◆ TASK OBJECTIVE
Skip the pictures. Return exactly the lines from the one containing "- Dimensions généreuses" through the end of the entries below.

◆ EXTRACTED INFORMATION
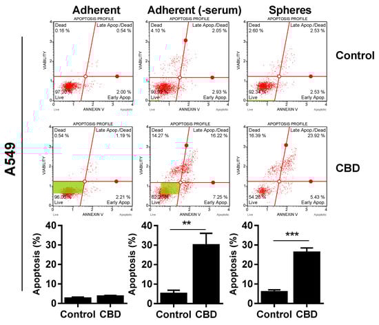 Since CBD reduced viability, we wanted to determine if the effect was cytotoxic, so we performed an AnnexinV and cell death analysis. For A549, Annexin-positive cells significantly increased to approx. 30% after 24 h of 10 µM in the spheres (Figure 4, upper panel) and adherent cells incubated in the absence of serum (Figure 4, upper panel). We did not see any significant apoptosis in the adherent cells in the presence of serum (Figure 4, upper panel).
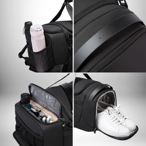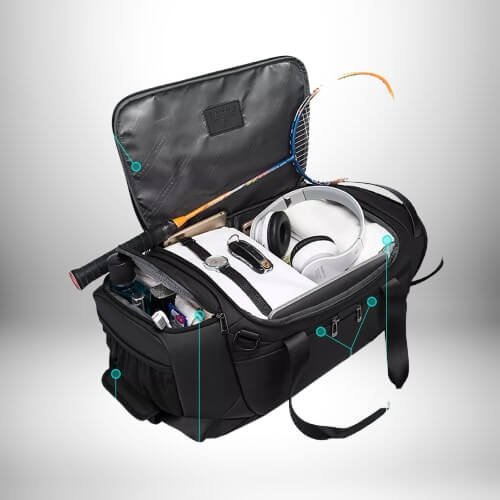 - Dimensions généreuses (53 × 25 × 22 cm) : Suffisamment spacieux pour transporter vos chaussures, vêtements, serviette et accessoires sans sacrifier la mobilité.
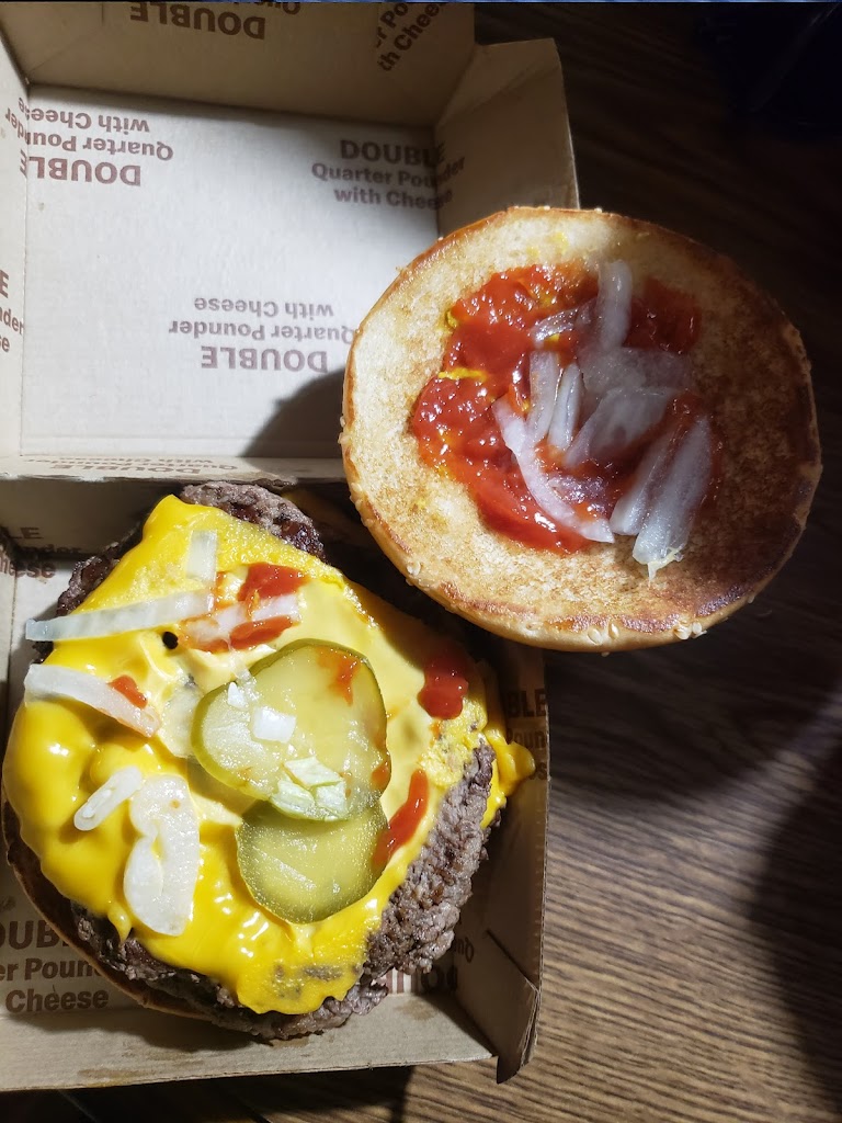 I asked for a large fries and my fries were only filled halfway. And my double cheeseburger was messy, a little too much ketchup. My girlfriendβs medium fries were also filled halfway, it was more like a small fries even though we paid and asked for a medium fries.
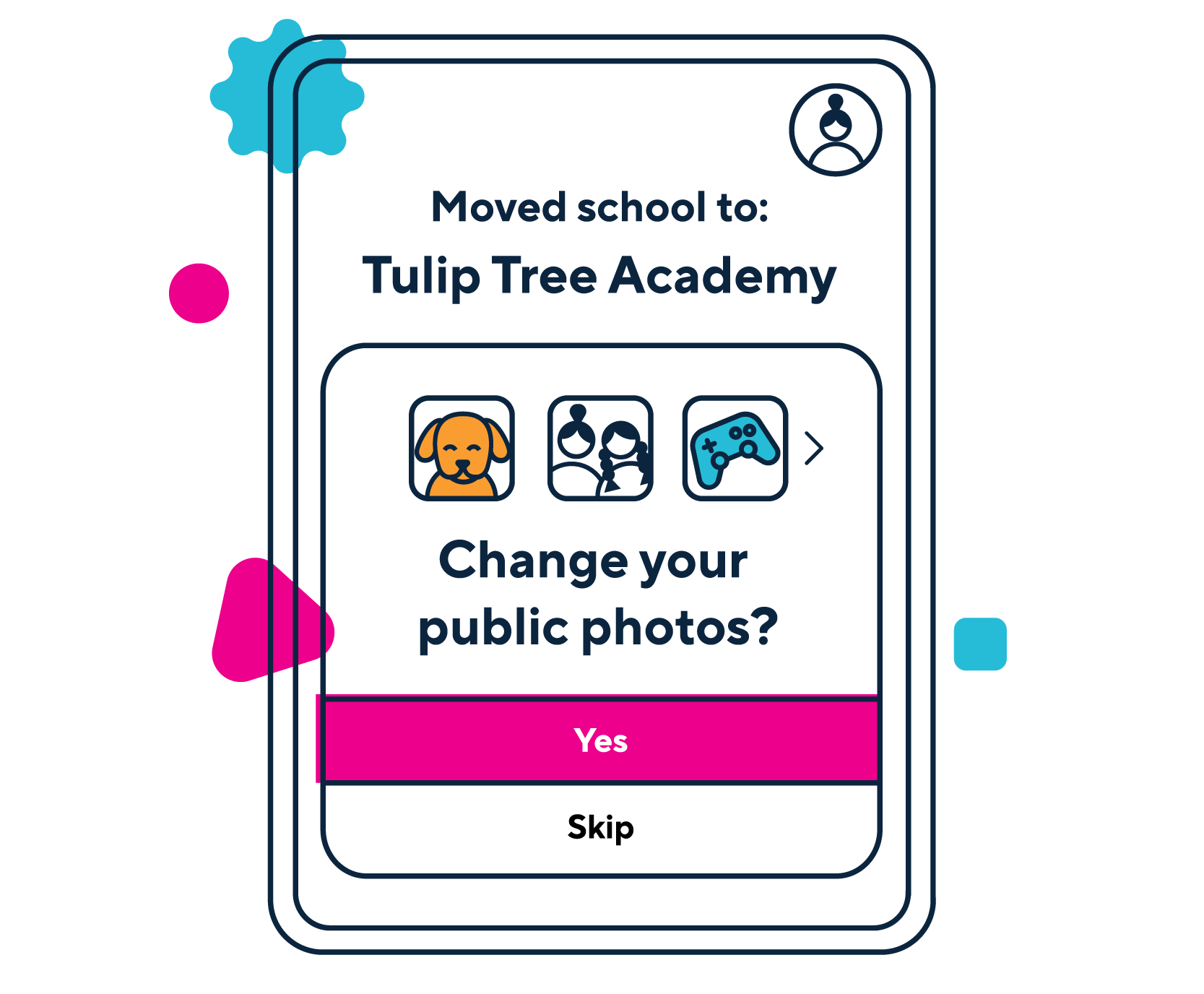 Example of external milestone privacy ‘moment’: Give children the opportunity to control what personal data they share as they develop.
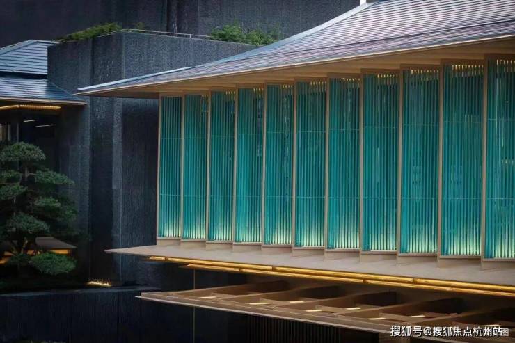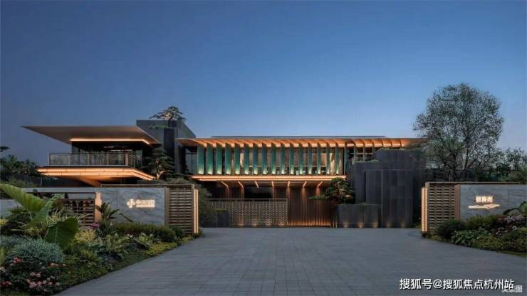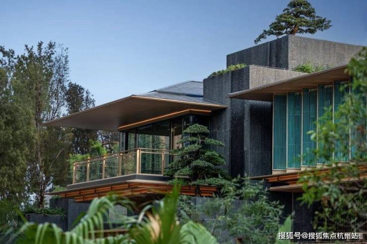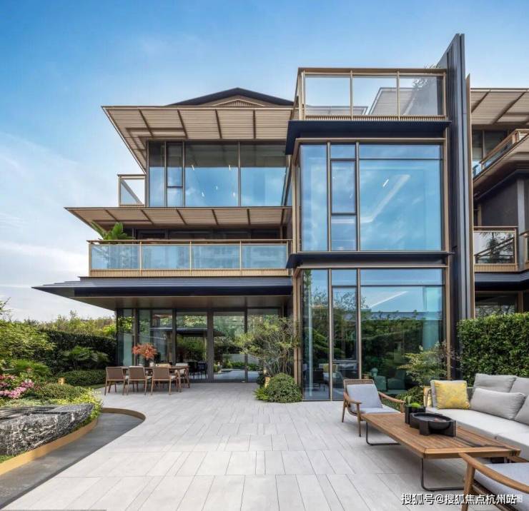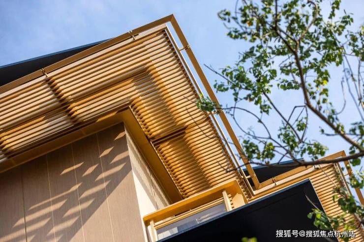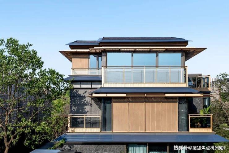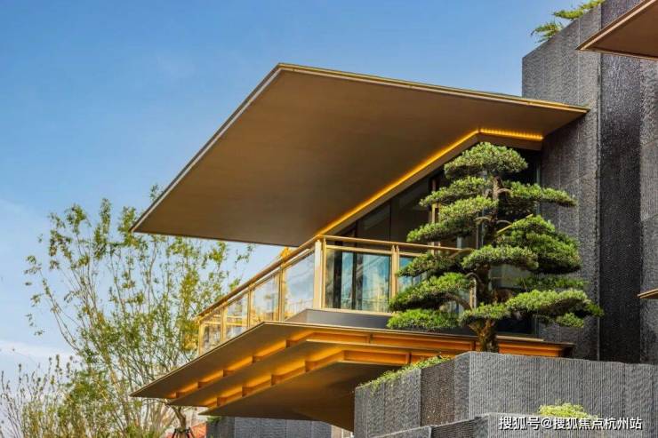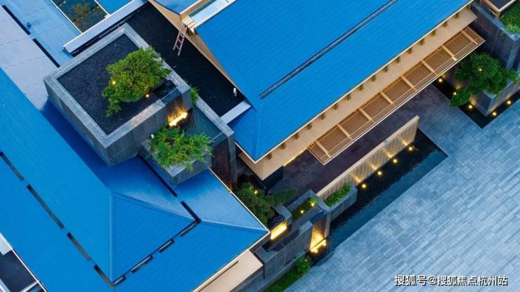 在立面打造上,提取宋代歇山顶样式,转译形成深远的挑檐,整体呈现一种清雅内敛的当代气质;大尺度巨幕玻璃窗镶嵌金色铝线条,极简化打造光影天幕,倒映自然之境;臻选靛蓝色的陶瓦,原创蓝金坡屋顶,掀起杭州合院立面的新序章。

◆ RESULT BELOW
 - Dimensions généreuses (53 × 25 × 22 cm) : Suffisamment spacieux pour transporter vos chaussures, vêtements, serviette et accessoires sans sacrifier la mobilité.
 I asked for a large fries and my fries were only filled halfway. And my double cheeseburger was messy, a little too much ketchup. My girlfriendβs medium fries were also filled halfway, it was more like a small fries even though we paid and asked for a medium fries.
 Example of external milestone privacy ‘moment’: Give children the opportunity to control what personal data they share as they develop.
 在立面打造上,提取宋代歇山顶样式,转译形成深远的挑檐,整体呈现一种清雅内敛的当代气质;大尺度巨幕玻璃窗镶嵌金色铝线条,极简化打造光影天幕,倒映自然之境;臻选靛蓝色的陶瓦,原创蓝金坡屋顶,掀起杭州合院立面的新序章。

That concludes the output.